Location
- Tam Nông district, Đồng Tháp Vietnam
- Coordinates: 10°24′51″N 105°13′31″E﻿ / ﻿10.4141°N 105.2252°E

Information
- Type: Public
- Established: 1983
- Principal: Phan Văn Trung
- Grades: 10-12
- Enrollment: 1,000
- Area: 24.654 sq. meter

= Tam Nong High School =

Tam Nong High School (Vietnamese: Trường Trung học phổ thông Tam Nông), one of the four public high schools in Tam Nong, was founded in 1984. It is located in Tam Nong district, Dong Thap, Vietnam.

== History ==
In 1983, the high school was the first high school in Tam Nong District first founded with 4 classes, one class of grade 11 and three classes of grade 10. On July 31, 1984, the People's Committee of Dong Thap City re-named it as Tam Nong High School and initiated a plan to locate the school's campus in an area of over 24.654 sq. meter at Phu Ninh village, Tam Nong District, Dong Thap Province.

== Teaching staff ==
The principal is Ms. Phan Văn Trung, a learned man, majors in chemistry.
There are about 70 teachers with seven groups, i.e. Literature, English, History-Geography-Civic Education, Maths-Informatics, Physics-Chemistry-Industrial Engineering, Physical Education-National Defense and Biology-Agricultural Engineering.
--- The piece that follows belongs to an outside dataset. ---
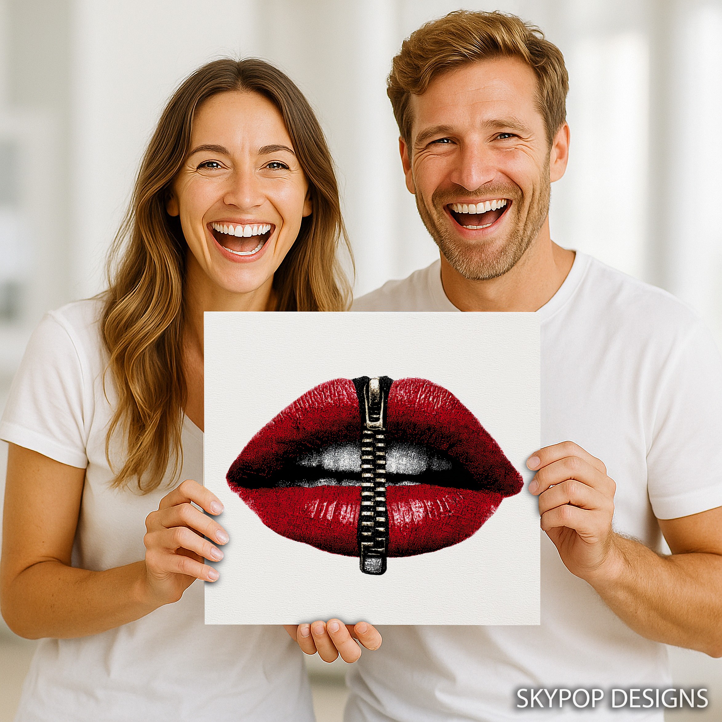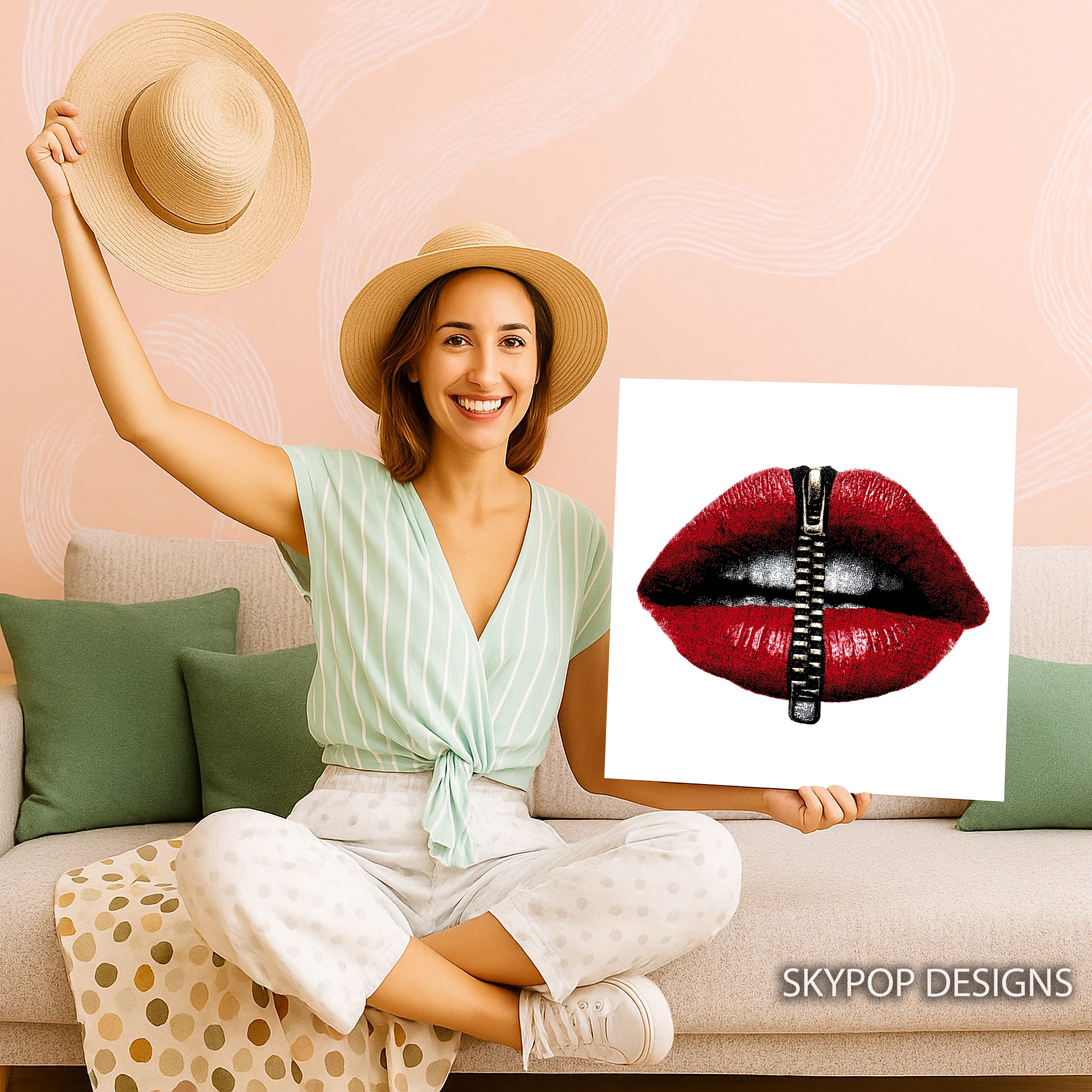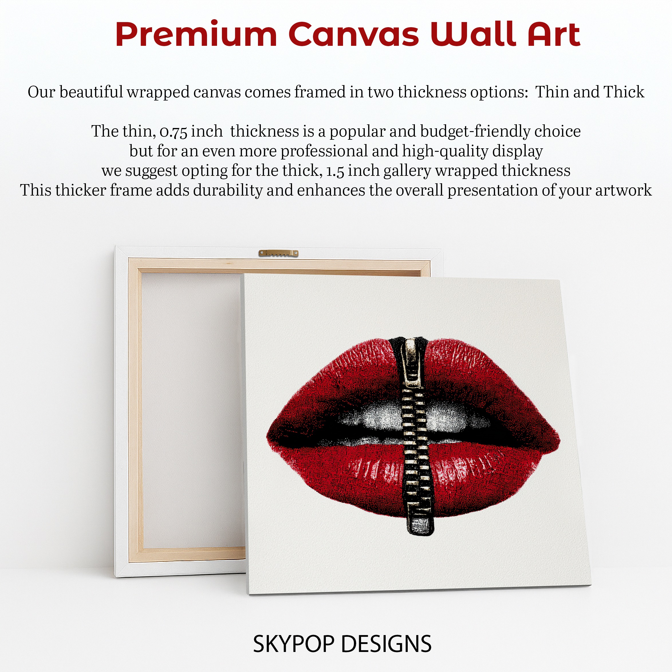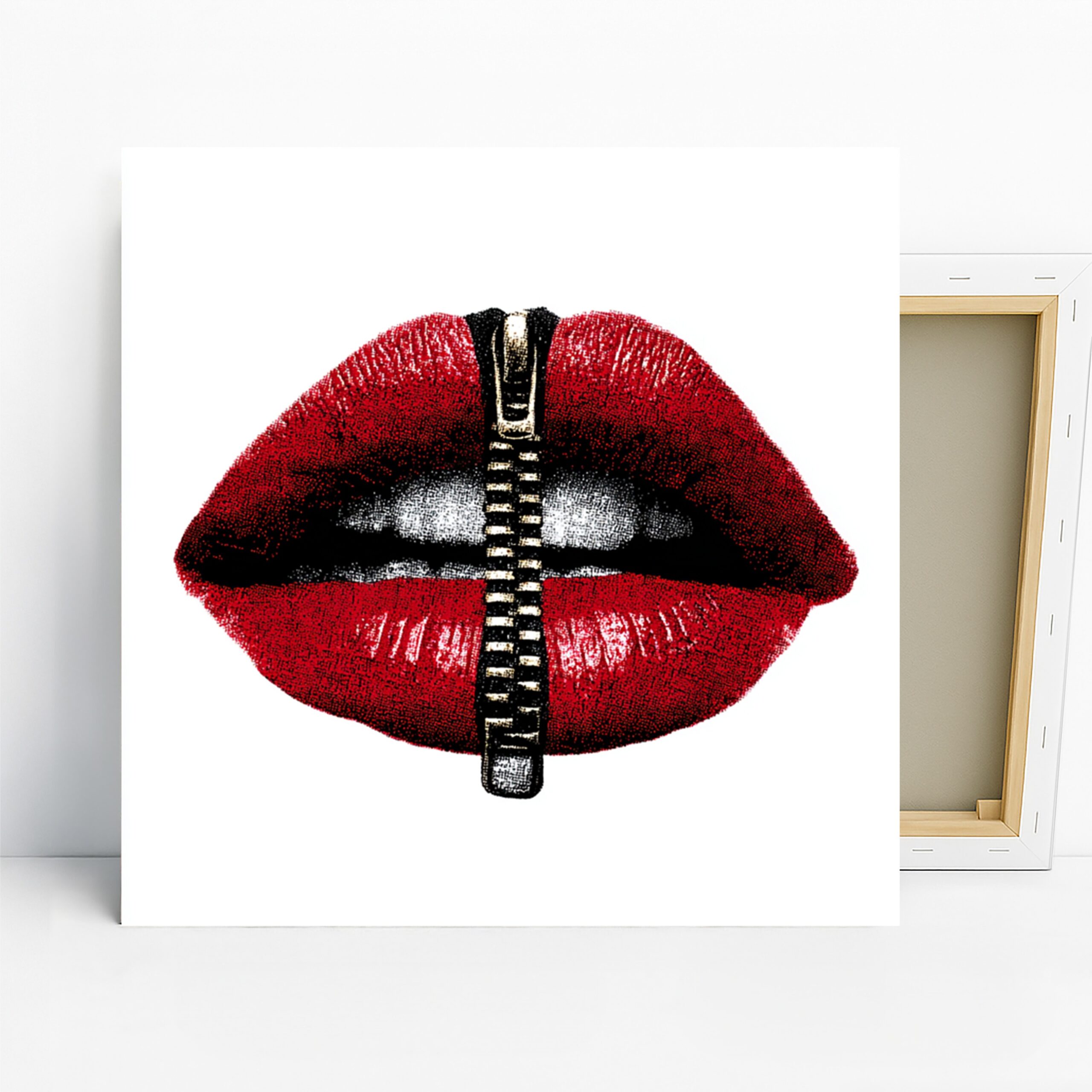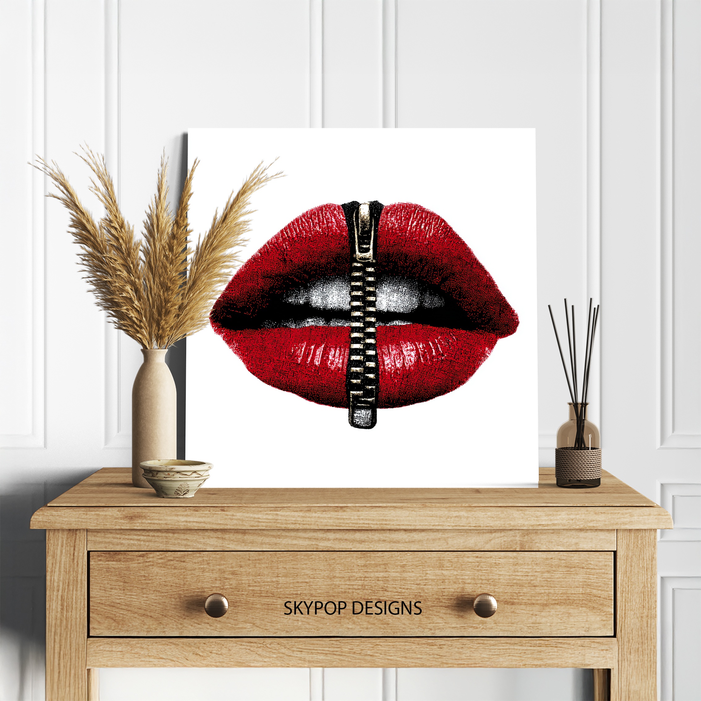 Transform your space with this bold and provocative canvas wall art featuring a striking image of red lips with a zipper closure. This eye-catching poster combines pop art aesthetics with contemporary flair, perfect for adding a touch of glamour to modern interiors. The vibrant red lip print against a stark white background creates a high-contrast look that demands attention, making it an ideal focal point for bedrooms, living rooms, or even bathrooms. The unique zipper detail adds an edgy, thought-provoking element to the classic lip motif, inviting viewers to contemplate themes of silence, secrets, and self-expression. This versatile piece works beautifully in glam-inspired spaces, adding a pop of color and intrigue to minimalist decor schemes. The artwork’s retro influences make it a standout choice for fashion enthusiasts and those who appreciate bold, statement-making decor. Whether you’re looking to spice up a dressing room or create a conversation starter in your living area, this zipped lips canvas art delivers impact and style. The high-quality printing ensures every detail of the lips and zipper is captured with stunning clarity, making it a long-lasting addition to your wall art collection. Elevate your home’s aesthetic with this daring and stylish piece that celebrates the power of visual communication. Make a statement and transform your space today with this unforgettable lip art that’s sure to leave a lasting impression.

Most teachers are young, qualified experienced and devoted.
File:Teaching Staff.jpg

== Infrastructure ==
Tam Nong High School was located in a large campus (over 2 hectares) in 1984.

== Education ==
Tam Nong High School offers each grade 10th, 11th, and 12th special education to help students perform well with their own talents. Students must wear uniforms when we go to school. The uniforms for boys consist of blue or dark-colored pants and white shirts. The girls wear ao dai.
The school functions from 7 a.m. to 5 p.m. During the recess hour students often go to the playground or go to the library to read books or newspapers. At break time, they also play sport, etc.

The tuition fee is at the same level as public schools in Vietnam. Apart from the statutory fee.

== Admission ==
Students who want to be admitted must take a written examination consisting of three tests: Mathematics, Literature, and English. Approximately 500 students achieving the highest scores in the examination will be chosen from the competitive pool of hundreds of candidates each year.